# Tristan and Isolde by Waterhouse



## Rapide (Oct 11, 2011)

*Tristan and Isolde with the Potion* by English painter John William Waterhouse. This is a masterpiece (from as artist who could draw ...)


----------



## MagneticGhost (Apr 7, 2013)

John Waterhouse is my fave artist. I used to have his Tempest on my wall.
Also love Lady of Shallott (sp).
Not seen this one. Thanks for sharing.


----------



## Ebab (Mar 9, 2013)

I must have seen it _somewhere_ ...


----------



## brianvds (May 1, 2013)

I am very fond of Waterhouse's work. It is a neat combination of all the best attributes of Pre-Raphaelite and Impressionist work.


----------



## SiegendesLicht (Mar 4, 2012)

Now, here is real art and beauty, not in the Pollocks and Warhols.


----------



## Weston (Jul 11, 2008)

I'd be interested to know if the same people praising this and shunning modern art are the same ones who shun modern music.
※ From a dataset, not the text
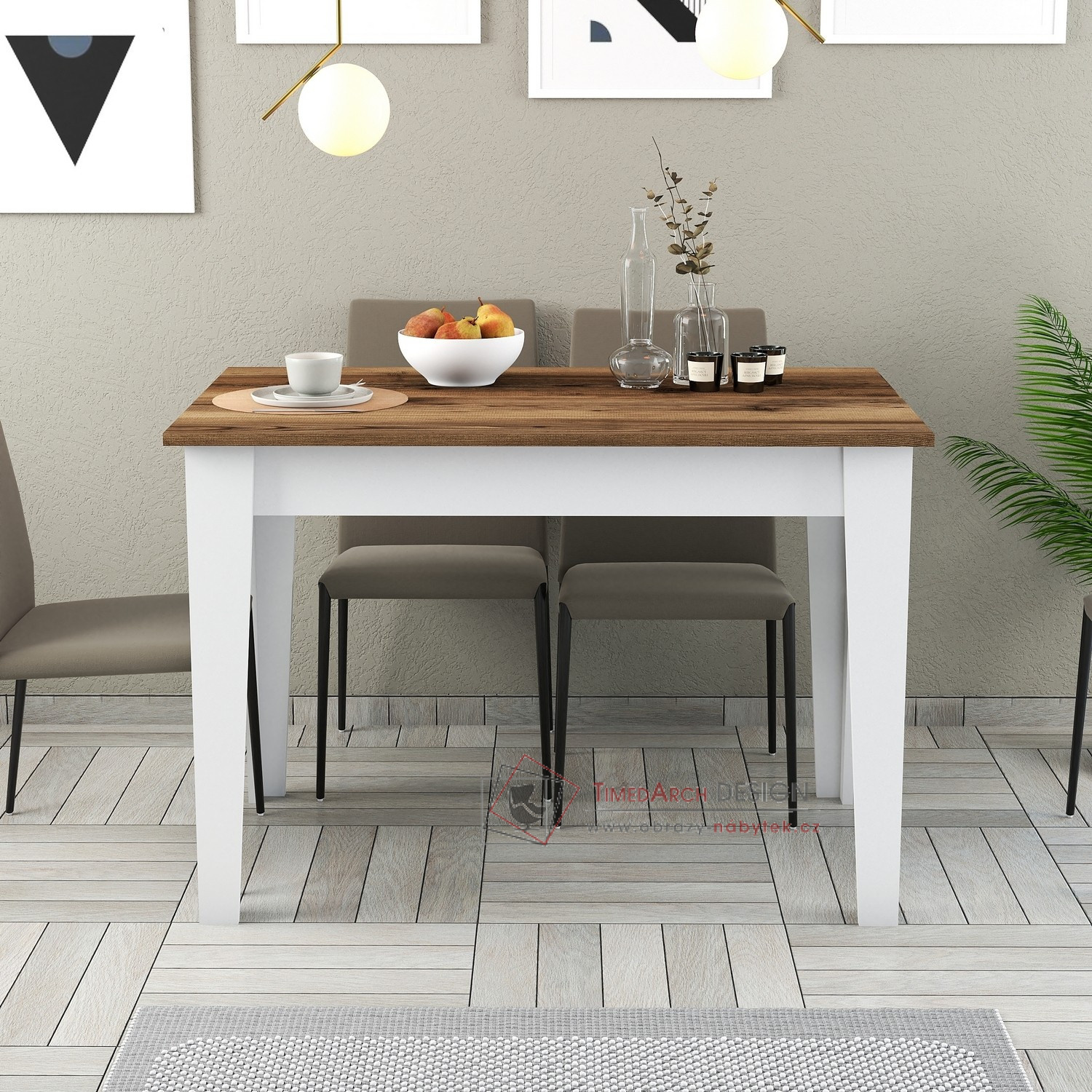 Náš kuchyňský stůl s elegantním a moderním designem je perfektním doplňkem každého moderního domova. Povrchová úprava dodává nádech sofistikovanosti, zatímco barevná kombinace dodává pocit tepla a elegance.

Well, I might appear at times in that camp myself. Actually I have a foot in both camps, and it kind of make my legs hurt. 
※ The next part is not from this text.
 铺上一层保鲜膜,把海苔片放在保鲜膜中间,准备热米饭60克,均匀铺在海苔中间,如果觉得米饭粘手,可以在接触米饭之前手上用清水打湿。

I love the Lady of Shallott myself. It's a magnificent work of illustration, and I don't use that term as the slur academia thinks it is. I wish I could see Waterhouse works in real life, that is, the real painting instead of a reproduction. This difference is mind blowing. I've seen a couple of Bougereaus and some Gustave Moreaus, but never Waterhouse.


----------



## brianvds (May 1, 2013)

Weston said:


> I'd be interested to know if the same people praising this and shunning modern art are the same ones who shun modern music.
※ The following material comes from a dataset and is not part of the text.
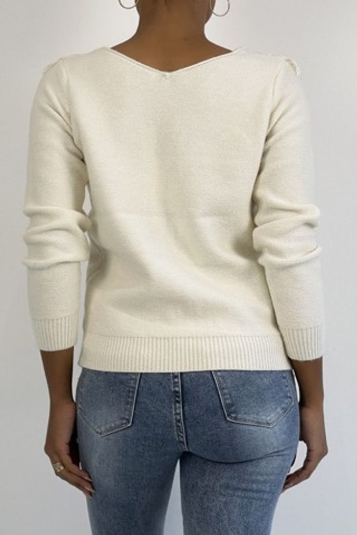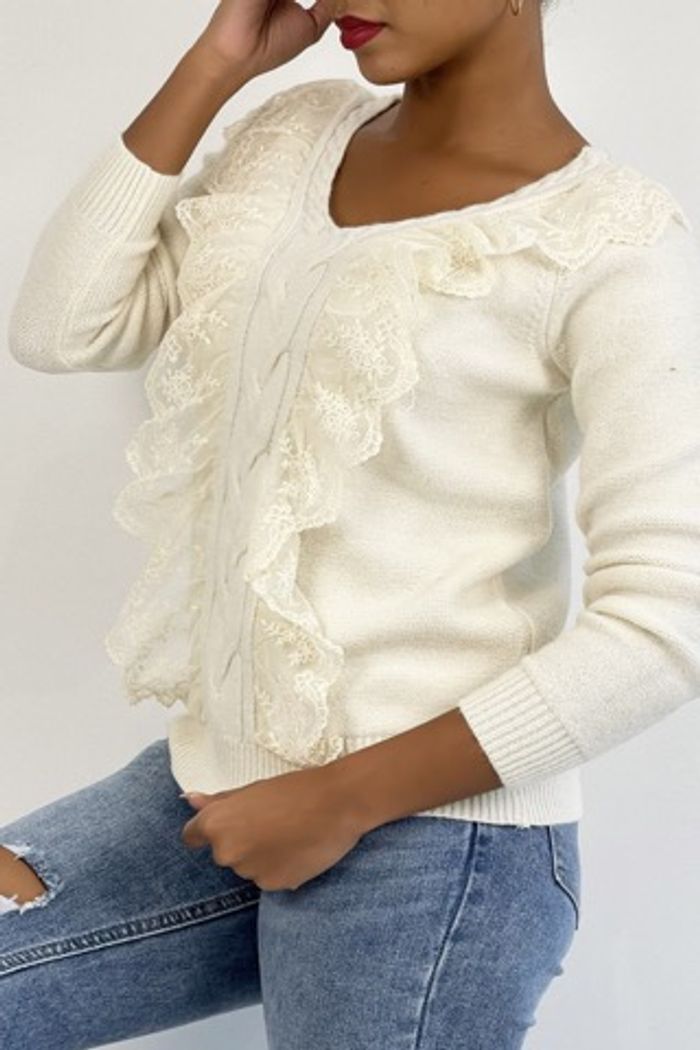 Pull col V très chic beige à volants. Pull classique, idéale avec un jeans pour un look casual chic ou avec une jupe crayon pour un look hyper élégant. Taille unique du 36 au 40 Composition : 52% acrylique 28% polyamide 20% polyester

It's not modern art that we shun. It's bad art that we shun.


----------



## Yardrax (Apr 29, 2013)

I don't really see what the fuss is. I'm at a loss when it comes to the visual arts though.


----------



## Rapide (Oct 11, 2011)

Weston said:


> I'd be interested to know if the same people praising this and shunning modern art are the same ones who shun modern music. ....


I listen to A LOT of Boulez.


----------



## starry (Jun 2, 2009)

Yardrax said:


> I don't really see what the fuss is. I'm at a loss when it comes to the visual arts though.


There's some nice things on it, like her dress, his face. But weaker things I feel like her face and the shoreline scene. The pose fills the composition nicely, but I can't see it amazes me though wouldn't say it was bad either.









The Dali version has more intensity, even though the faces are obscured.


----------



## DavidA (Dec 14, 2012)

Just don't like it. For me there is no life in the painting.


----------



## starry (Jun 2, 2009)

Quite a few paintings of them seem to be more contemplative than active, and the poses reflect that. Maybe with the woman in the Waterhouse it tries to be both dramatic and contemplative and I'm not sure it ends up being either.


----------



## MagneticGhost (Apr 7, 2013)

Lady of Shalott is my favourite painting.









Always liked the Tempest too!


----------



## starry (Jun 2, 2009)

The second one looking outwards away from the viewer reminds me of Casper David Friedrich. The first is a nicely put together scene, maybe it's his most famous painting? The problem I have with quite a few later (?) 19th century paintings is the expression can often look exaggerated and at the same time static. Maybe it's just me not accepting the convention of the time and I can't make the leap to the melodramatic emotion in them.


----------